Genre: Literary Fiction
Published by: Tortoise Books
Publication Date: March 4, 2025
Number of Pages: 242
ISBN: 9781948954914 (ISBN10: 1948954915)
Book Links: Amazon | Barnes & Noble | BookShop.org | Goodreads | Tortoise Books

Read an excerpt:

Afterward, I broke open. I cried. I held him so tight I left nail marks in his skin. What were a few more marks now?

The EMTs ungently separated us, and, with the coordination of motions necessitated a thousand times, they deftly lifted Kyle from the malignity of our apartment floor to a gurney that could barely contain his tall frame. They secured him under a thin blanket pulled all the way up to his chin and rushed him out our door into the hallway, past building onlookers, toward a waiting elevator, shouting to me which hospital to meet him at.

Then I was there, by myself, panting, kneeling on the floor, staring at my still-connected phone nearby with the 911 operator trying to get my attention. I disconnected and a moment later listened to the sirens reverberating off the impenetrable glass apartment towers around us as the ambulance pulled away.

I stared straight ahead, so flooded with emotion that none could get out. I fingered one of the smooth buttons on the front of my jacket until it felt uneven, and realized I had loosened the thread holding it on. I looked down at the ruined thread, thinking about how much effort it would require to fix it later.

I raised my eyes from the thread to the unholy mess that surrounded me, and thought of the money we had to put down to get this place, the most we had ever had to come up with, what almost kept us from getting the apartment.

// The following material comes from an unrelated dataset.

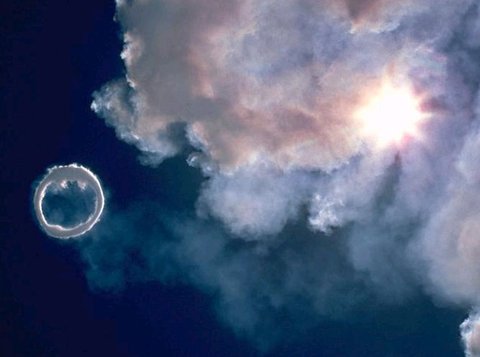 이구름은 강한 압축공기로 인해 수증기가 응축되서 만들어짐.

The wailing of the ambulance was farther away now, and I could hear the disquieted murmuring of our neighbors outside our still-open door.

I picked my keys up off the floor, gathered my phone and purse, smoothed down my skirt, and walked—unsteady, chin raised—out the door into the sea of rubberneckers, locking our apartment behind me.

I do not remember getting in the elevator or pressing P so it would sink me down to the level of my car. But that is where I found myself. I do not remember making my way out of the gray parking cavern, across the snowy streets filled with work day stragglers trying to get home, to the hospital. But there it was. It loomed into view ahead of me, and I did not know if I had come to it or it to me. I followed the burning red Emergency signs, as this undeniably was an emergency, right? Or had that moment passed? Then I just kept following—following signs, following instructions, following people. It was all I could do.

I answered endless questions from untouchable people in glass enclosures whose entire job was to guide people through this plane that existed outside our normal lives. Finally, when all the check-ins were completed and necessary information provided, I sat down to wait. I was in the emergency room waiting area, my face paralyzed in a thousand-yard-stare, as hours or years slipped by, surrounded by people stuck in the sucking mud of sickness and trauma.

I needed to call Kyle’s mom.

Instead, I called my mom. Voicemail. I wanted the recording of her voice to come alive and talk to me. But I forgot, it is Wednesday. Mom is on a plane to Italy with two of her friends: her dream trip. “Mom, something’s happened. Give me a call when you can.”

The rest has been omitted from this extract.